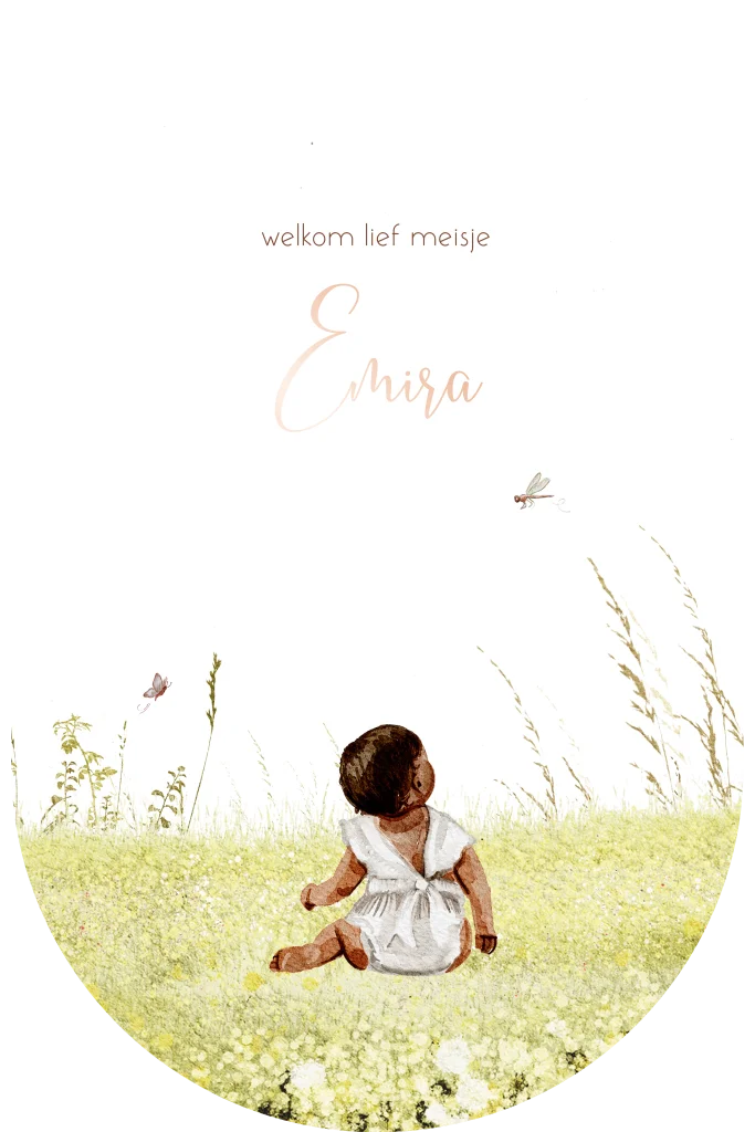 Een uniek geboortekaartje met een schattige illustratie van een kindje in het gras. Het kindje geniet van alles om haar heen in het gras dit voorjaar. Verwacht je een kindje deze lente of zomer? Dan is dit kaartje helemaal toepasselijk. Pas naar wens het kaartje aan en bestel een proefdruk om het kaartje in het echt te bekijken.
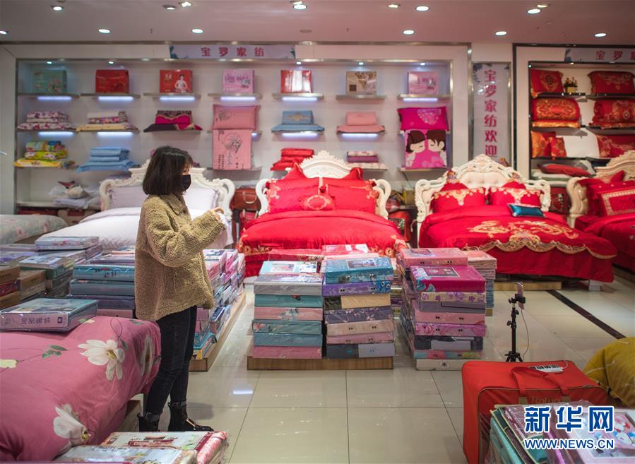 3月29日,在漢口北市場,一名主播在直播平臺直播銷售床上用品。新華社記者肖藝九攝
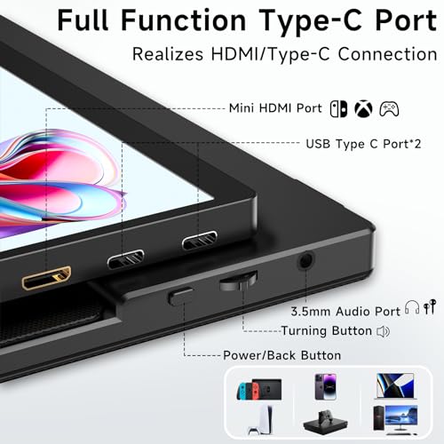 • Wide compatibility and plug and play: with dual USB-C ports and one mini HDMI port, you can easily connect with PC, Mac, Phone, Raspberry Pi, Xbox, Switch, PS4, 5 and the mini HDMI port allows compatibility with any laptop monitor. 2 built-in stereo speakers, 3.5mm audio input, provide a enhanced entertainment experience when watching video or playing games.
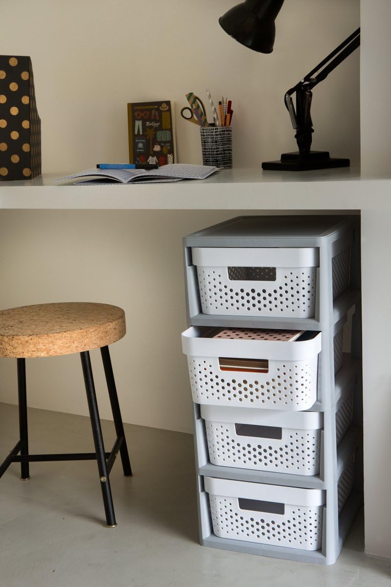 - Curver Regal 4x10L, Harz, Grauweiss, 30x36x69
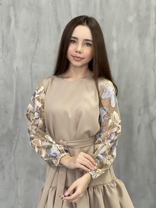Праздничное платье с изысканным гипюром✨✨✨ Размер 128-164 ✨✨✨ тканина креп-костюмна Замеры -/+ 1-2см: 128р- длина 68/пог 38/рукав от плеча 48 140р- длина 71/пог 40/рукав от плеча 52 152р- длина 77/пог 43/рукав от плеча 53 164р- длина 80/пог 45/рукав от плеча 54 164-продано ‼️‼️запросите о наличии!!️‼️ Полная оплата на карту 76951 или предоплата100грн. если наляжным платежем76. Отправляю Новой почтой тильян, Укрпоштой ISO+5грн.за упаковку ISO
◆ ◆ ◆
Copy the listing in full and without alteration, omitting every picture.

Solution to this exercise
 Een uniek geboortekaartje met een schattige illustratie van een kindje in het gras. Het kindje geniet van alles om haar heen in het gras dit voorjaar. Verwacht je een kindje deze lente of zomer? Dan is dit kaartje helemaal toepasselijk. Pas naar wens het kaartje aan en bestel een proefdruk om het kaartje in het echt te bekijken.
 3月29日,在漢口北市場,一名主播在直播平臺直播銷售床上用品。新華社記者肖藝九攝
 • Wide compatibility and plug and play: with dual USB-C ports and one mini HDMI port, you can easily connect with PC, Mac, Phone, Raspberry Pi, Xbox, Switch, PS4, 5 and the mini HDMI port allows compatibility with any laptop monitor. 2 built-in stereo speakers, 3.5mm audio input, provide a enhanced entertainment experience when watching video or playing games.
 - Curver Regal 4x10L, Harz, Grauweiss, 30x36x69
Праздничное платье с изысканным гипюром✨✨✨ Размер 128-164 ✨✨✨ тканина креп-костюмна Замеры -/+ 1-2см: 128р- длина 68/пог 38/рукав от плеча 48 140р- длина 71/пог 40/рукав от плеча 52 152р- длина 77/пог 43/рукав от плеча 53 164р- длина 80/пог 45/рукав от плеча 54 164-продано ‼️‼️запросите о наличии!!️‼️ Полная оплата на карту 76951 или предоплата100грн. если наляжным платежем76. Отправляю Новой почтой тильян, Укрпоштой ISO+5грн.за упаковку ISO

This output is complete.